By Vivienne Shirley, Senior Consultant

Knight Frank has released its latest Residential Development Land Index for Q2 2018, showing the biggest annual rise in greenfield land prices in England since 2014.

Prices rose by 2.1% on average in Q2 of 2018, taking the annual growth to 4.6% – the strongest seen in four years. This has been largely propelled by demand from developers in the South West and the Midlands, particularly in areas that are desirable to homeowners now or due to benefit from infrastructure improvements in the near future.

Justin Gaze, Head of Residential Development Land at Knight Frank, noted: “Sites which can be delivered up to 2021, and which will benefit from Help to Buy, are most attractive.

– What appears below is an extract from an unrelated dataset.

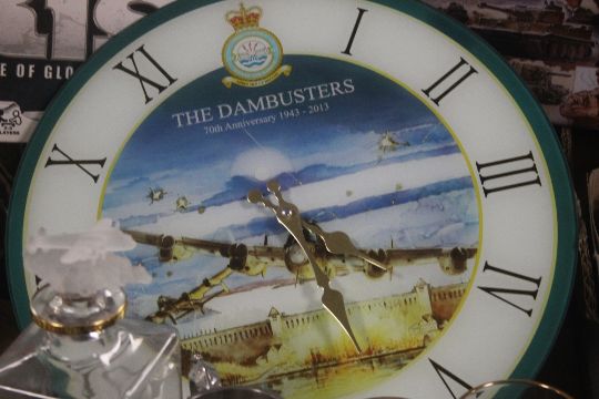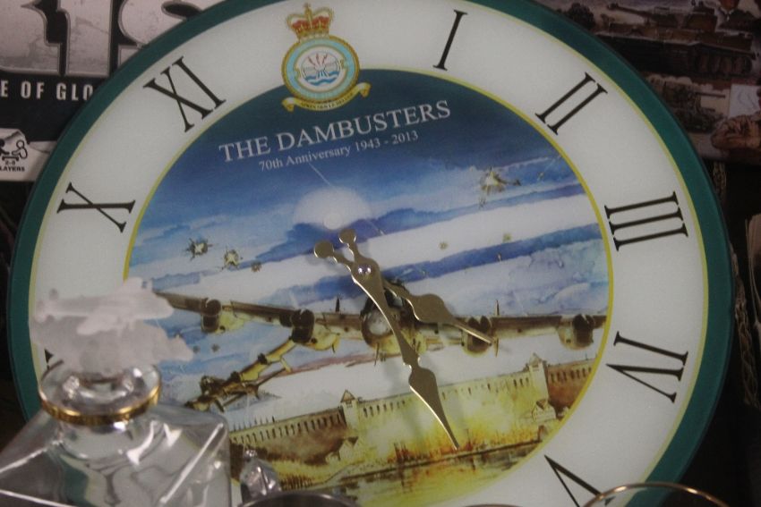 A TRAY OF MAINLY AVIATION INTEREST GLASSES, TANKARDS ETC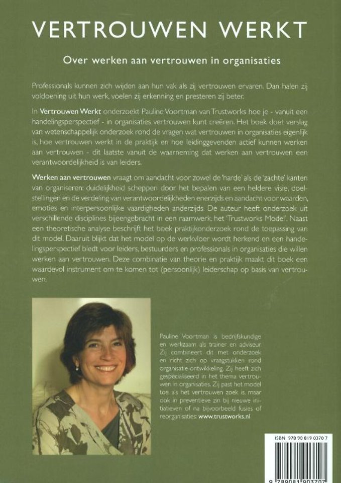 In 'Vertrouwen werkt' onderzoekt Pauline Voortman van Trustworks hoe u - vanuit een handelingsperspectief - in organisaties vertrouwen kunt creëren. Het boek doet verslag van wetenschappelijk onderzoek rond de vragen wat vertrouwen in organisaties eigenlijk is, hoe vertrouwen werkt in de praktijk en hoe leidinggevenden actief kunnen werken aan vertrouwen - dit laatste vanuit de waarneming dat werken aan vertrouwen een verantwoordelijkheid is van leiders.

Beyond this timeframe, policy uncertainty is causing a level of hesitance.”

However, the picture is not as rosy elsewhere with prime central London development land prices falling 1.4% in Q2, contributing to an annual change of -3.5%.

This is partly attributed to the Greater London Authority’s 35% affordable housing requirement, which is pushing some developers to build in the provinces instead.

The capital’s biggest home builder, Berkeley, which only bought one new development site in the London in 2017, recently stated to shareholders: “It is telling that some funders and builders are choosing to exit the market when faced with the degree of risk and regulation that now confronts development in the capital.”

The risk of a no-deal Brexit is also likely blunting developers’ appetite for building in London.

Jonathan Samuels, chief executive of home loans company Octane Capital, explained, “Given that the London property market is heavily exposed to big business and international buyers, if both begin to retreat in the event of a no-deal Brexit, prices in the capital could suffer disproportionately.”